Il sera rappelé que dans le cadre d’un contrat d’affacturage, les créances de l’adhérent sur ses clients sont transmises en propriété au factor par le seul effet de la subrogation. Cette subrogation intervenue au bénéfice du factor subrogé est opposable aux tiers sans autres formalités (Lamy financement, Fascicule Affacturage n°2882). Il est d’autre part constant que le transfert des créances cédées au bénéfice du factor est opposable au débiteur à la date du paiement subrogatoire et non à celle où il a été informé de l’existence de la subrogation (Com. 3 avril 1990. n°89-10.255, RTD Com 1990, p.444, obs. Cabrillac et Teyssié).

La notification de la subrogation au débiteur cédé n’a pas d’autre fonction que déterminer le caractère libératoire du paiement effectué par le débiteur soit au bénéfice du créancier subrogeant, soit au bénéfice du factor subrogé. Les paiements effectués entre les mains du créancier subrogeant ne sont donc pas libératoires, dès lors que le débiteur cédé a été informé de l’existence de la subrogation par l’insertion d’une mention relative à la subrogation dans le corps de la facture (Com. 14 octobre 1975, JCP 1976, éd G, II, n°18279, note Gavalda).

- Escroquerie par production de faux documents – Négligence du factor

« Aucune faute ne peut être reprochée à un factor ayant concouru à son propre préjudice dans le fait de n’avoir pas suffisamment vérifié l’authenticité de documents qui, revêtus de tous les signes habituels de leur authenticité, avaient l’apparence de vrais certificats de paiement »Telle est la solution retenue par la 5ème Chambre des appels correctionnels d’AIX-EN-PROVENCE, dans un arrêt en date du 16 novembre 2005 (jurisdata n°297-691).
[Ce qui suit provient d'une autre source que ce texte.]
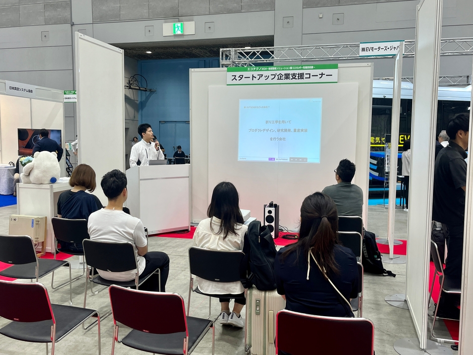 会期中は全日、「エコテクノ」スタートアップ企業支援コーナーにて代表の高橋がピッチを行い、企業紹介や「折り工学」による様々な設計手法・製造方法などをご紹介させていただきました。

Cette juridiction répressive avait à se prononcer sur l’appel interjeté par une personne prévenue d’avoir établi, en sa qualité d’ingénieur en chef d’une grande ville du sud de la France, de faux certificats pour paiement de prestations ne correspondant par à des travaux réellement effectués par une société dont le gérant était devenu un ami personnel, en apposant des timbres humides de la ville et sa signature, faux certificats destinés à être produits par cette société auprès d’une société d’affacturage.

Le fait de remettre à une société d’affacturage des factures non causées, avec de faux documents tendant à créer l’apparence de prestations réellement effectuées, est susceptible en effet d’être poursuivi sous la qualification de faux et usage de faux, et d’escroquerie.En l’espèce, l’appelant avait été retenu dans les liens de la prévention, pour faux et usage de faux, ainsi que pour complicité d’escroquerie.

Pour s’exonérer partiellement de sa responsabilité, le prévenu avait invoqué la propre faute de la société d’affacturage, qui se serait montrée négligente dans la vérification de l’authenticité des certificats pour paiement remis par son adhérent.La Cour d’appel n’a pas retenu cette responsabilité, et sa décision doit être approuvée.En effet, dans le cas d’espèce, les juges avaient relevé qu’une partie des factures remises par l’adhérent correspondaient à des travaux effectivement réalisés, et que les faux certificats présentaient tous les signes habituels de leur authenticité.